For six years, the torture chamber lay hidden in the cellars of what had once been an orphanage for deaf children. The residents of Grozny's October district knew about it. They could hear the screams emanating from its sinister bowels.

The Russian authorities who first controlled it, though, insisted that it was just an ordinary prison.

The Chechen government the Kremlin appointed to succeed them denied it existed at all. But when representatives from the Russian human rights group Memorial managed to sneak in this summer just before the building's demolition, the truth was finally laid bare.

The chilling graffiti on the prison's walls, some of it written in blood, gave some of the most compelling evidence yet of what activists had claimed for years: state-sanctioned torture had been carried out in Chechnya, perhaps systematically, ever since Russian forces took Grozny in early 2000. [complete article]

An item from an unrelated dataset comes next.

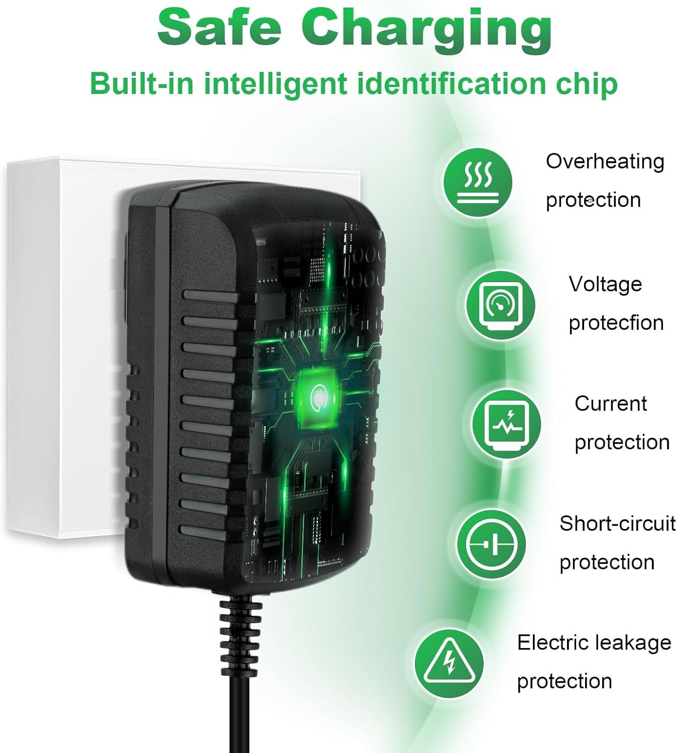 【Safe and Reliable】: 12v Charger is certified by safety testing with advanced protection mechanisms against overvoltage, overcurrent, short-circuit, and overheating, ensuring that your child’s 12V electric scooter or ride-on toy is safe and reliable.
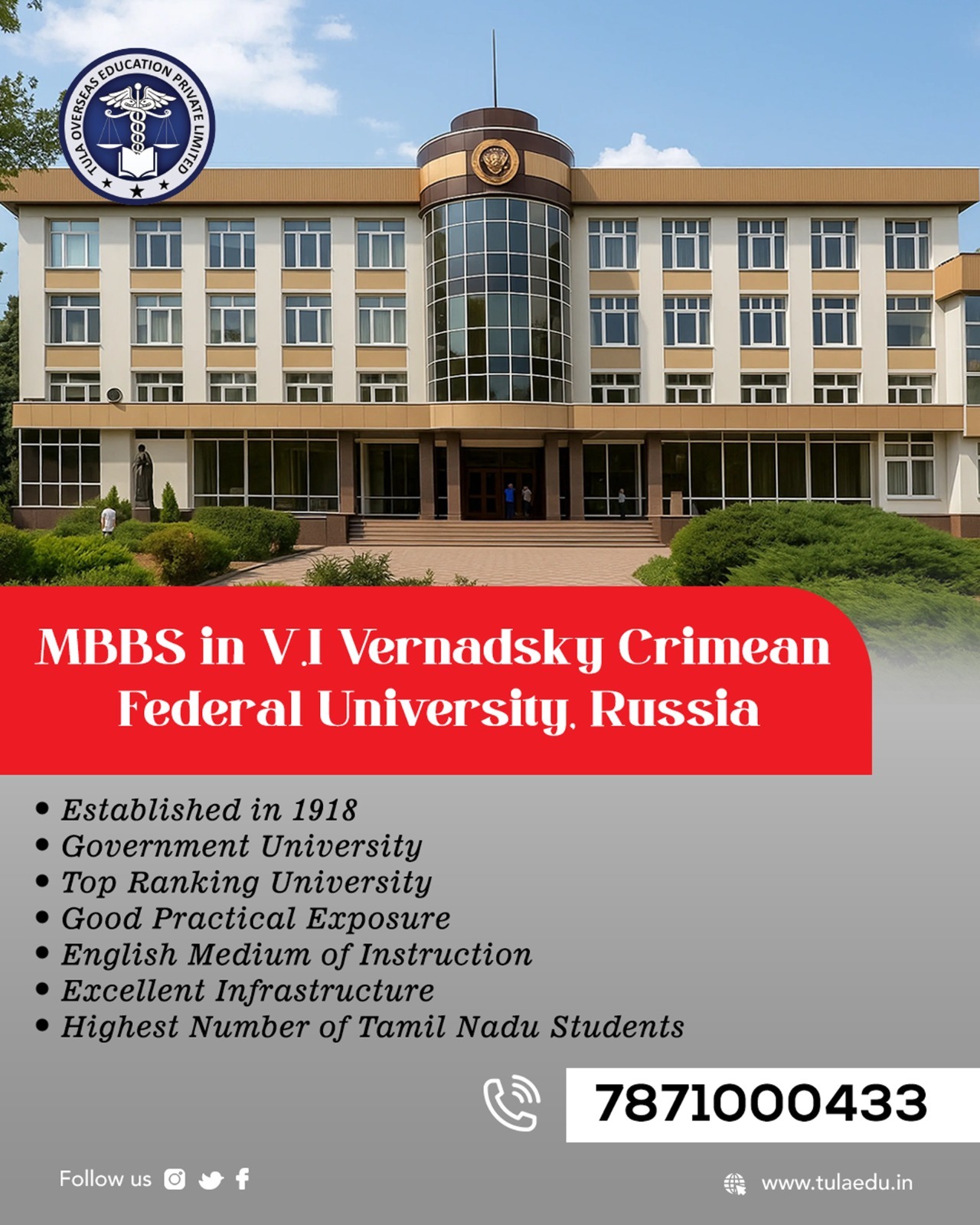 Study MBBS in top government university with Tula overseas education, the trusted education consultancy in Kuranguchavadi, Salem. Tula is the direct official representative of Crimean Federal University, Russia., with highest fmge passing rate and most perferred medical university by indian students. Get your mbbs dream fulfilled in CFU with best guidance, practicals. Call us to enroll now.

Comment -- When President Bush says that the United States doesn't engage in or condone the use of torture, he's probably thinking of the kinds of brutal acts described here. Yes, there have been no reports of Guantanamo detainees having their ears cut off. But if U.S. officials are going to discuss human rights issues with their Russian counterparts, how exactly do they press the argument that prisoners shouldn't be treated this way? Abu Ghraib, Guantanamo, the renditions program, and the secret prisons, mean that the United States has effectively sidelined itself as an international defender of human rights. And if the U.S. can't effectively defend human rights, how can it pretend to be an advocate of freedom?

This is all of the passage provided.